Все люди — враги - Олдингтон Ричард. Страница 61

Он щелкнул по-военному каблуками, поклонился, ему коротко, по-военному, ответили, и он еще раз повторил свою историю.

— И вот, так как все другие способы ни к чему не привели, — заключил он, — я обращаюсь к вам по совету поверенного в делах барона фон Эренфельза.

— Вы дружны с бароном фон Эренфельзом?

— Этого я не могу сказать. Просто знаком. Но он был так добр, что постарался помочь мне.

Офицер посмотрел на Тони сверлящим взглядом, столь хорошо знакомым ему по полковым канцеляриям, и спросил:

— Что же вам от меня угодно?

— У вас, разумеется, есть архивы, именные списки. Не можете ли вы распорядиться навести по ним справку и сообщить мне, где проживает в данное время интересующая меня семья.

— Довольно странно, что вам неизвестен адрес лиц, которых вы называете своими друзьями.

«Боже мой, — подумал Тони, — он принимает меня за мошеннику, который придумал какой-то новый трюк для выманивания денег».

— В этом нет ничего странного, — запротестовал он. — Как вам известно, в течение нескольких лет всякие сношения с Англией были прерваны. Я приезжаю сюда и узнаю, что мои друзья продали свой дом. Дом столько раз переходил из рук в руки, что не представляется возможным найти их по этим следам.

Военный несколько мгновений раздумывал, по-прежнему не сводя с Тони глаз, и хотя Тони не чувствовал за собой никакой вины, все же по спине у него поползли мурашки и предательская краска залила ему лицо.

— У вас есть какие-нибудь документы? — тон был довольно резкий.

Тони предъявил паспорт, который тщательно осмотрели и вернули ему.

— А еще? Какие-нибудь деловые бумаги или письма к высокопоставленным лицам?

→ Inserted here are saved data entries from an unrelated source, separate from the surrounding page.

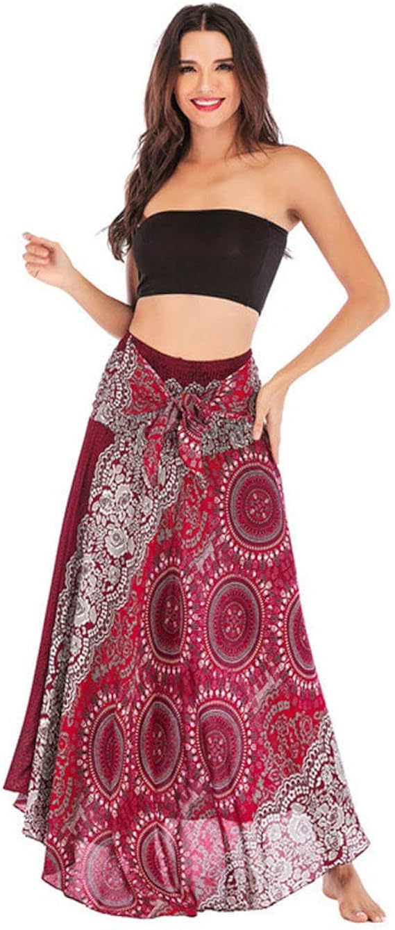 Jupe indienne femme clearance, Femme Taille Smockée Hippie Jupe Bohème Indienne Gypsy Taille éLastique Floral Halter Jupe rouge Rouge - Cdiscount Prêt-à-Porter clearance
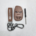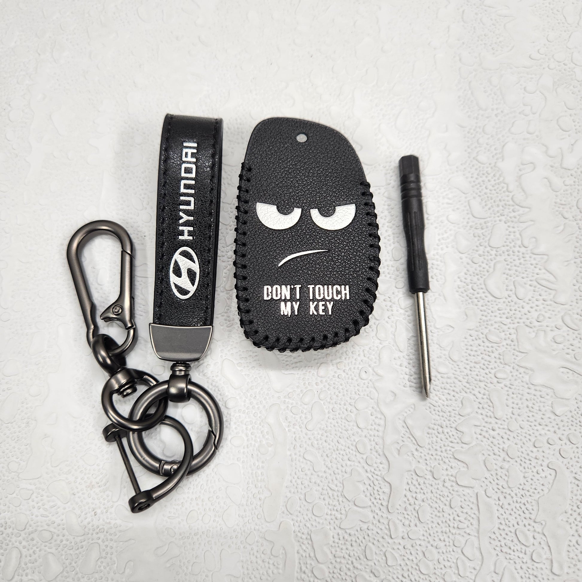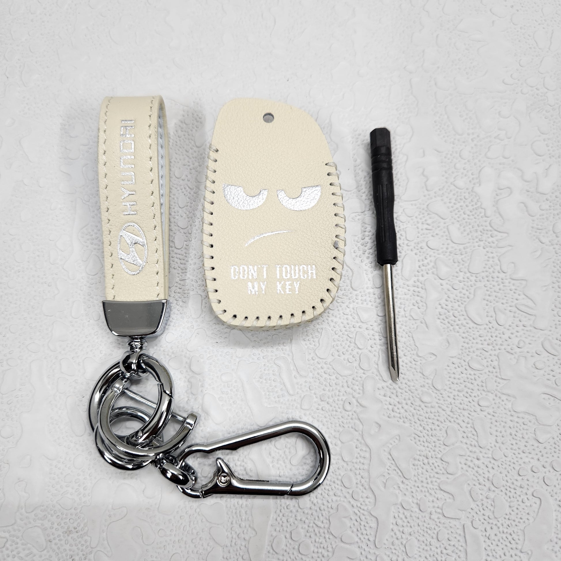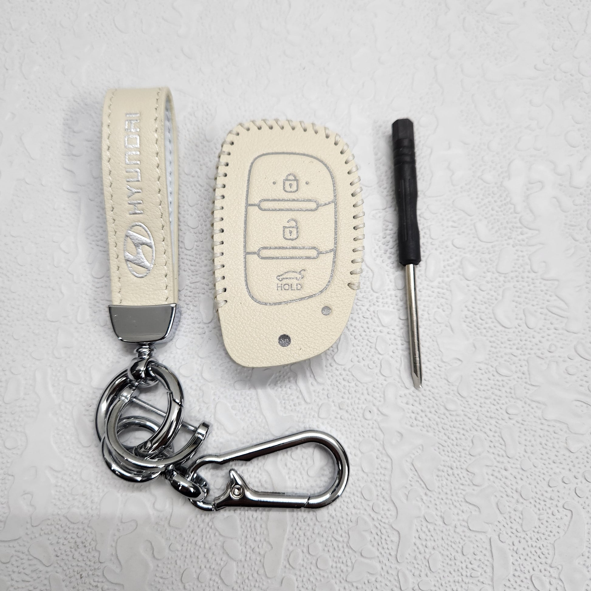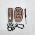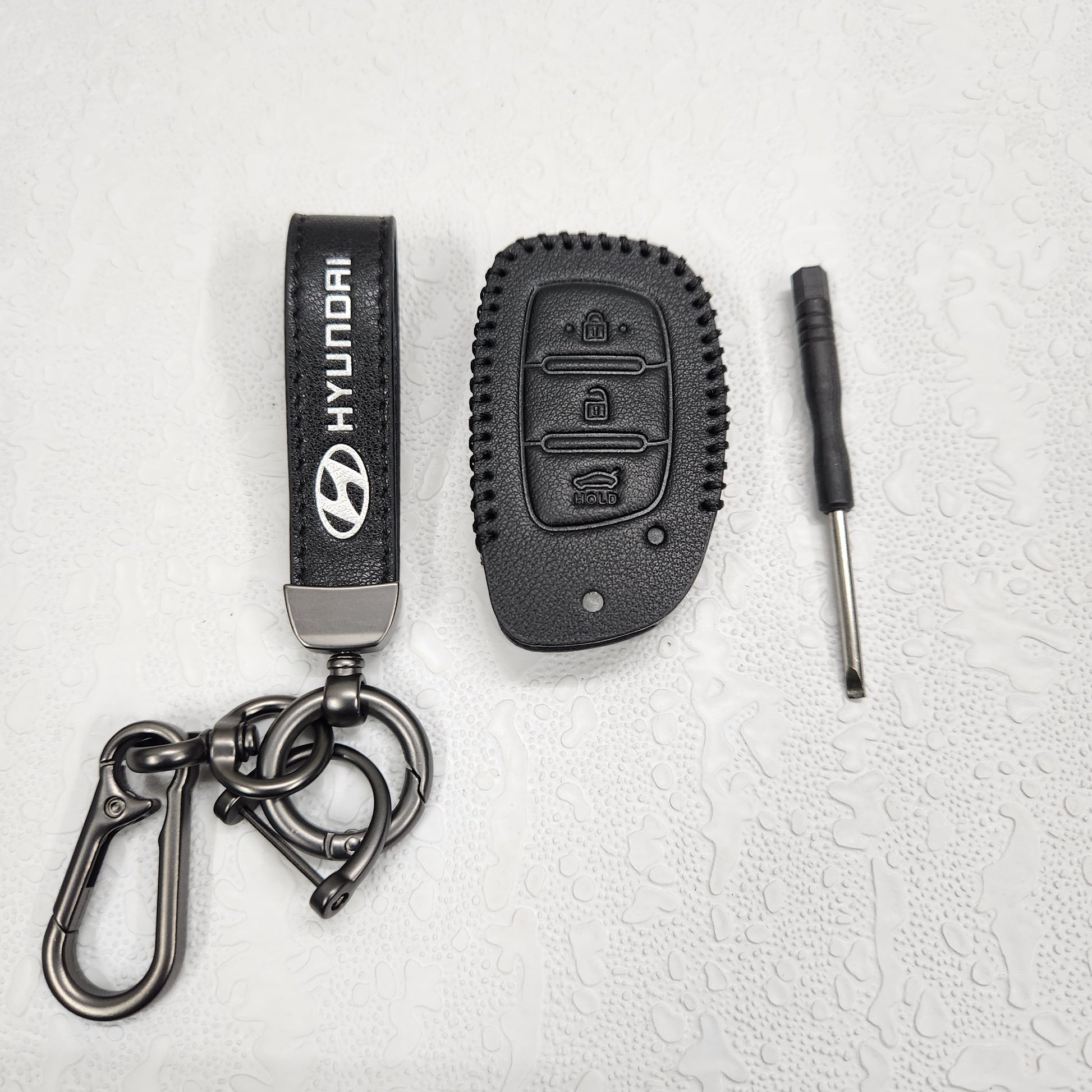 Hyundai Creta/i20/Aura/i10 3 Button Key Luxury Pure Handmade Oilwax Leather Keycase with Logo, Caption, Hook, and Chain
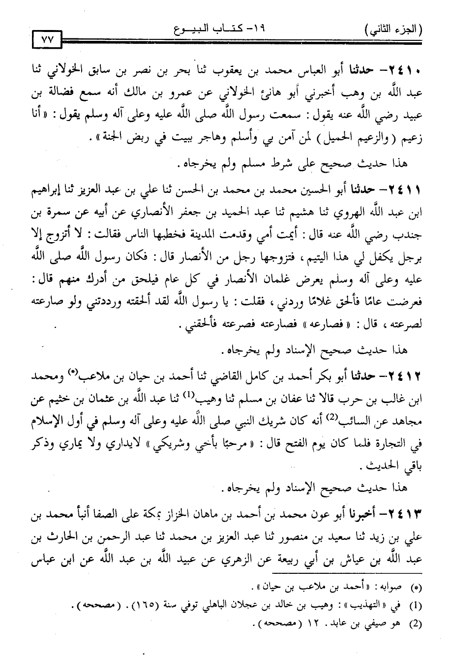 2412 - حَدَّثَنَا أَبُو بَكْرٍ أَحْمَدُ بْنُ كَامِلٍ الْقَاضِي ، ثنا أَحْمَدُ بْنُ مُلَاعِبِ بْنِ حَيَّانَ ، وَمُحَمَّدُ بْنُ غَالِبِ بْنِ حَرْبٍ ، قَالَا: ثنا عَفَّانُ بْنُ مُسْلِمٍ ، ثنا وُهَيْبٌ ، ثنا عَبْدُ اللَّهِ بْنُ عُثْمَانَ بْنِ خُثَيْمٍ ، عَنْ مُجَاهِدٍ ، عَنِ السَّائِبِ بْنِ أَبِي السَّائِبِ ، أَنَّهُ كَانَ شَرِيكَ النَّبِيِّ صَلَّى اللَّهُ عَلَيْهِ وَسَلَّمَ فِي أَوَّلِ الْإِسْلَامِ فِي التِّجَارَةِ ، فَلَمَّا كَانَ يَوْمُ الْفَتْحِ قَالَ: " مَرْحَبًا بِأَخِي وَشَرِيكِي لَا يُدَارِي وَلَا يُمَارِي " وَذَكَرَ بَاقِي الْحَدِيثِ
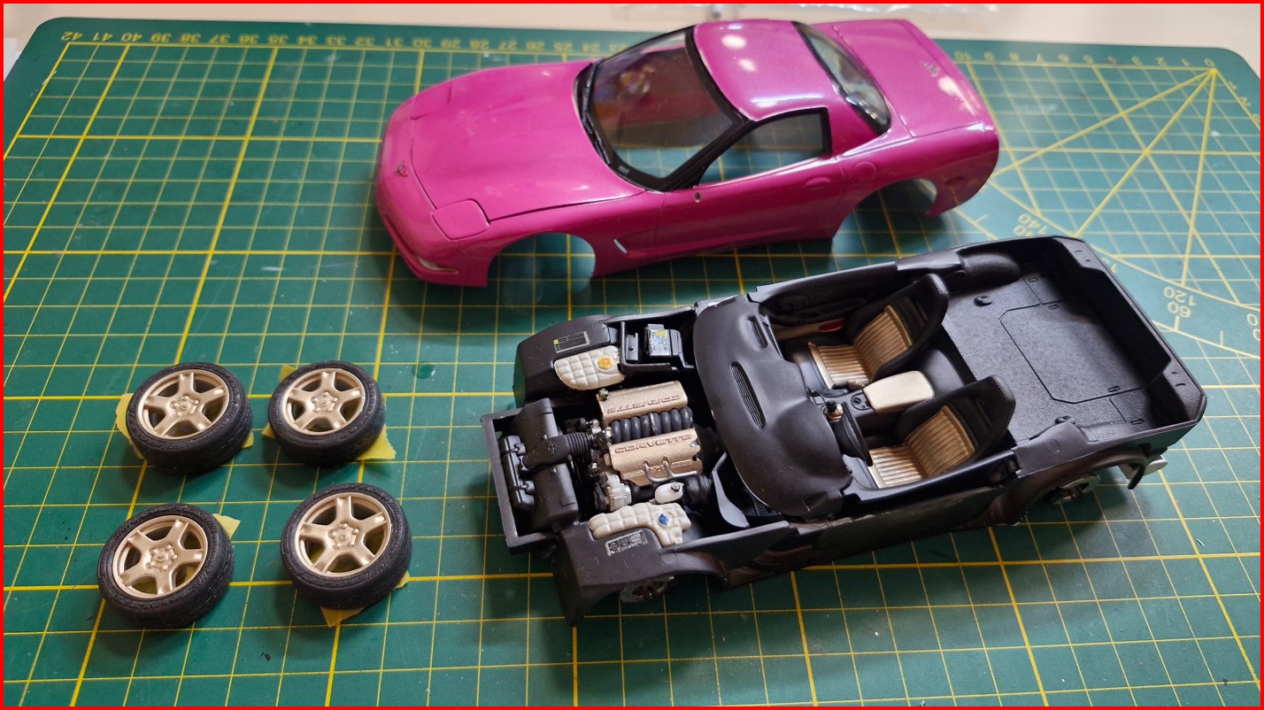 Die Basis lackierte ich in pink und hustete in mehreren Durchgängen einen metallicfarbenen Nagellack drüber. Das Metallic ist superfein. Ohne Klarlack wirkte die Corvette wie eine Perle. Aber Klarlack muss immer druf. Innen mit goldfarbeben Akzenten und die Felgen wie gewünscht ebenso in gold. Letzten Monat fertig, nächste Woche wird sie übergeben.
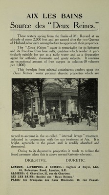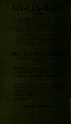 ![(SAVOIE.: i!V* ’• *jC*T ’'*^«u£i J^V ' -'■* « :'il‘IlW-J*T,T' ‘ •*>& Aix-les-Balns is one of the most anci< stations in the world and its . waters have famed for their curative effects in Rheumatisoi, Diabetes, Rheumatoid Arthritis (rheur™l4w Arthritis, Obesity, Syphilis, Neui various forms of Neuritis. £^4jX< sjjL ■ • i v t.s It is about half-wav between Paris ■ ■ ,'v. on the P.-L.M. Railway, close to the Bourget, in one of the nlost picture - Europe, a district of mountain, la1 between Switzerland and Italy. Upwards of a million gallons daily at a temj of 112° F. Pwl r- 1 >UCHE'MASSAGE (local ai LOCAL INTERNAL LAVAGE TREA* & The Bathing Establishment is State prop provided with every modern hydrotherapeuth iA highly trained staff of male and fema] lathing Season—April to September, Two Casinos, Theatre, Opera, Concert t,Altitude Stations: Mt. Revard (5,360 ft.). WiNTEt](https://iiif.wellcomecollection.org/image/b2809606x_0132.jp2/full/800%2C/0/default.jpg)
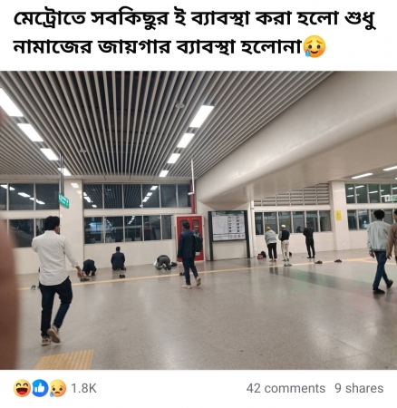 মসজিদ থাকার কথা। কিন্তু না মেঠো*** মতো কিছু বক ধার্মিকদের এখন মেট্রোস্টেশন মসজিদের জায়গা লাগবে। ইহাই দেশে ইসলামীদের চিত্র। এদেশে এক শ্রেণীর আলেম-ওলামা ধর্মকে নিজ প্রয়োজনে ব্যবহার ফলে শিক্ষিত মানুষেরা দিনে দিনে ধর্ম বিমুখ হয়ে পড়ছে। এমন হাজারো উদাহরণ আছে, আর বেশি বড় করলাম না।
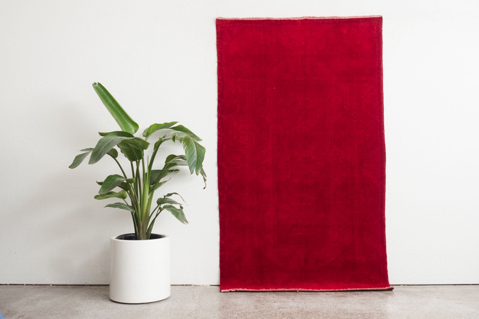 name: Bayarstyle: hand woven, Turkish, over-dyed, rug, carpetmaterial: woolcolor: redsage: vintagecondition: good, age related wear - see pictures
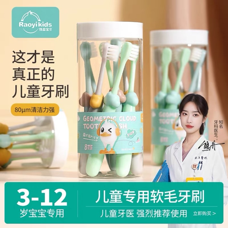 Designed for Ages 3-12: Specially designed for children's oral development, the brush head is the perfect size to clean molars effectively without hurting the throat, suitable for children of different ages.
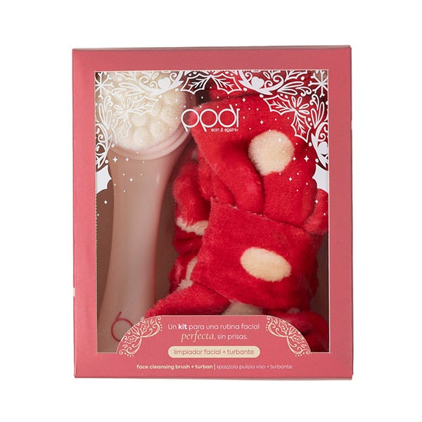 El kit incluye un cepillo manual 2 en 1, nuestro Lucea, creado para exfoliar y limpiar tu rostro de manera profunda junto con un turbante con el que sentirte «forever young» para sujetar los mechones inoportunos mientras disfrutas de tu momento beauty.
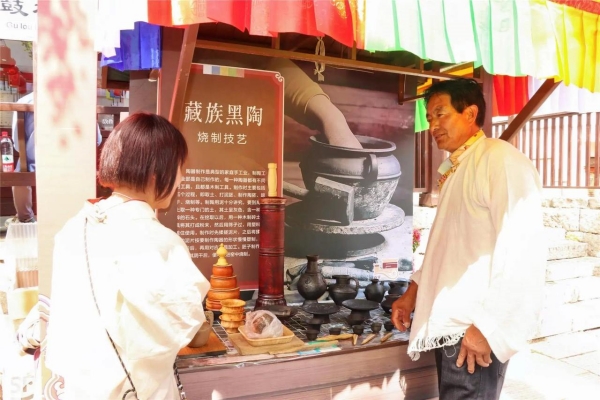Meanwhile, inheritors of Tibetan black pottery explained the craft's history and production to visitors. They emphasized the black pottery's unique sourcing from high-altitude soils, shaped by hand into delicate forms.
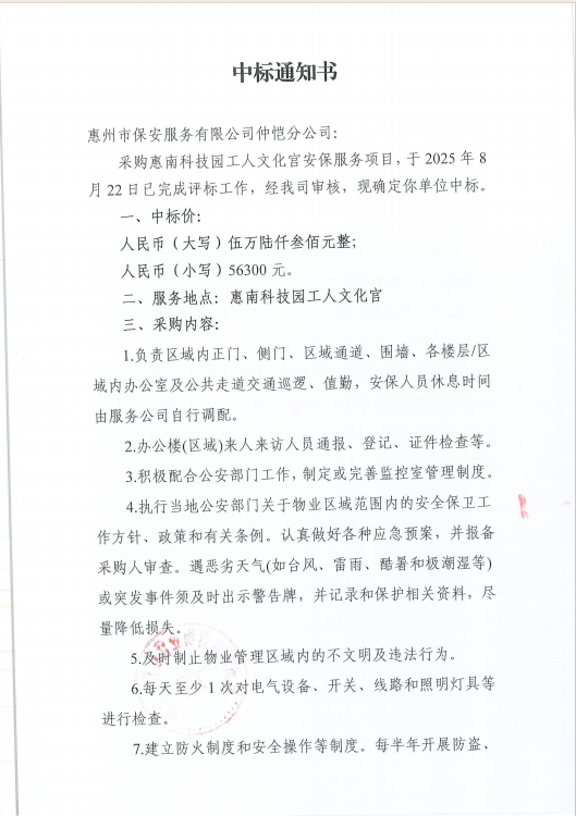 【中標(biāo)通知】采購惠南科技園工人文化宮安保服務(wù)項(xiàng)目
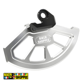 The BiKER SHOPPEE Motorcycle Front Brake Disc CNC Guard Cover Lower Fork Protector Kit is designed to offer robust protection for your motorcycle's front braking system and lower fork components, especially in off-road and harsh riding conditions.It's a high-quality, durable, and lightweight protection kit for the critical front brake and fork area, combining function with an aesthetic factory-style upgrade.
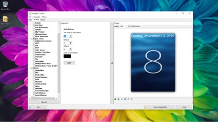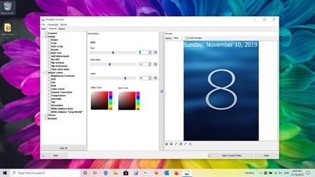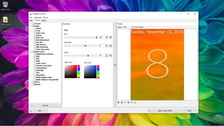 ES image Converter is a program to edit, convert and enhance your images in a batch mode. Edit image: resize, rotate, crop, auto crop, flip, convert to colors. Add text, watermark. Convert from 100+ images formats to 18 images formats including JPEG, PNG, TIFF, BMP, JPEG2000. Adjust colors: brightness, contrast, saturation, intensity, temperature, RGB, HUE etc. Apply effects: filters, lens, bump mapping, wave, blur, sharpen etc. Over 35 actions are supported. App has clear interface; you can also preview all changes before processing.
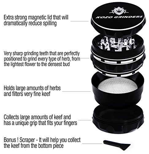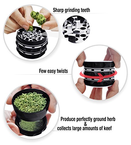 LARGE KIEF CATCHER - Comes with mesh screen which captures and filters very fine kief into a big catcher. This allows you to use the purest part of the herb, the pollen, which contains high amounts of THC.
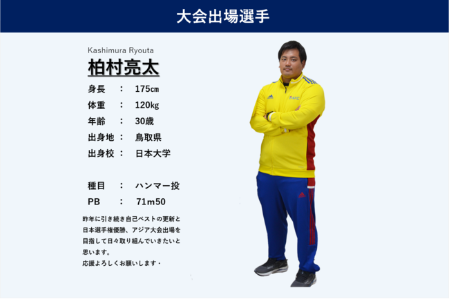 昨年の日本グランプリシリーズ、第36回静岡国際陸上競技大会(静岡県)では、71m12の記録で優勝している柏村選手は今年の日本グランプリシリーズでも優勝を狙います。
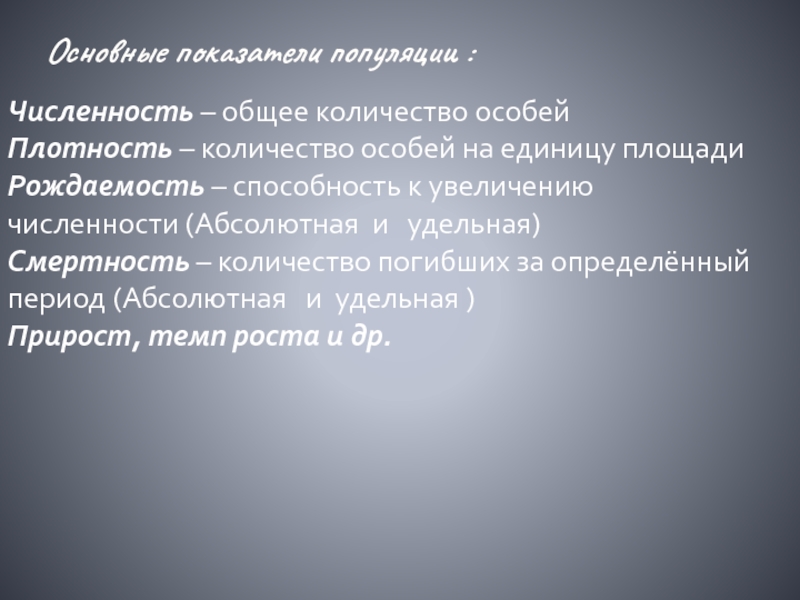Основные показатели популяции :
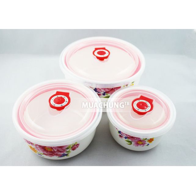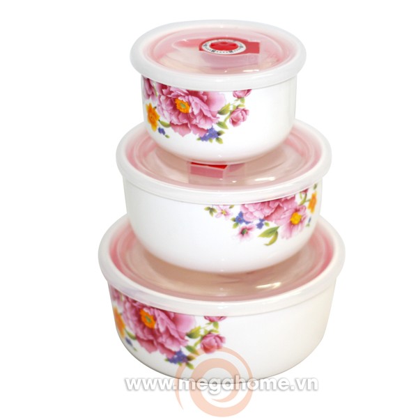 Bộ 3 bát sứ cao cấp,để lò vi sóng và tủ lạnh-Lò vi sóng đã trở nên phổ biến trong nhiều gia đình.Bộ sản phẩm hữu ích này sẽ khiến cho các bà nội trợ dễ dành xử lí đồ ăn 1 cách gọn gàng,sạch sẽ.Chỉ lưu ý,khi cho vào lò vi sóng phải gạt cho hở phần lỗ thoát hơi trên nắp đậy nhé.

— Нет. У меня есть только аккредитив, выданный одним из английских банков.

Аккредитив тоже осмотрели и вернули.

— Я не склонен давать просимые вами сведения, пока вы не представите нам более основательных документов. Во всяком случае, я полагаю, что вам придется получить разрешение министра внутренних дел.

— Но как же я могу его достать? — неосторожно воскликнул Тони.

— Это ваше дело. Вы можете обратиться в министерство через вашего посла.

— Значит, вы ничего не можете сделать?

— Ничего.

Это сопровождалось довольно суровым взглядом, который, казалось, говорил: «Считайте, что вы еще счастливо отделались, если вас не арестовали как подозрительную личность».

Разговор, по-видимому, был исчерпан.

— В таком случае, простите, — сказал Тони и повернулся, чтобы уйти.

— Одну минуту, — окликнул его чиновник. — Где вы остановились?

Тони назвал отель и адрес.

— Вы зарегистрировались в полиции?

— Да.

— Покажите удостоверение.

Удостоверение подверглось такому же тщательному осмотру, как и прочие документы.

— Хорошо, можете идти.

И Тони вышел, держась очень прямо, не поклонившись и не отдав чести. Это было неосторожно с его стороны, но не мог же он допустить, чтобы этот тупой солдафон вообразил, будто он запугал его.

Тони возвращался в отель пешком, дрожа от бешенства и негодования. Что за тупица, что за грубая скотина! Но ведь и везде то же самое. И вдруг все его раздражение пропало, и он весь поледенел, представив себе с убийственной ясностью, что последняя его карта бита, окончательно и бесповоротно. Хорошо бодриться и говорить себе: «Faites dormer la Garde» [82].

Но теперь уж больше нечего пускать в ход. Ему вспомнилось, как в конце войны английские солдаты кричали пленным немцам: «Kaputt, Fritz!» [83] — и вот теперь он сам почувствовал всю горечь этого kaputt, Больше уже нечего делать — просто и ясно. Его снова охватило чувство яростной злобы против тупого полицейского, он решил уложить свои вещи и немедленно покинуть Вену. Да, убраться отсюда. Признать себя побежденным и уехать.

Однако еще задолго до того, как он добрался до отеля, Тони поймал себя на том, что тревожно вглядывается в лица проходящих женщин, жадно продолжая свои мучительные безнадежные поиски. Он решил еще раз пройтись по Пратеру. Правда, шел дождь, но все-таки она могла быть там. И когда он уже в который раз прошелся напрасно и уже стало смеркаться, бросился в другой квартал и принялся беспокойно рыскать там. Он два раза купил ненужные ему сигареты, чтобы иметь достаточно мелочи Для нищих.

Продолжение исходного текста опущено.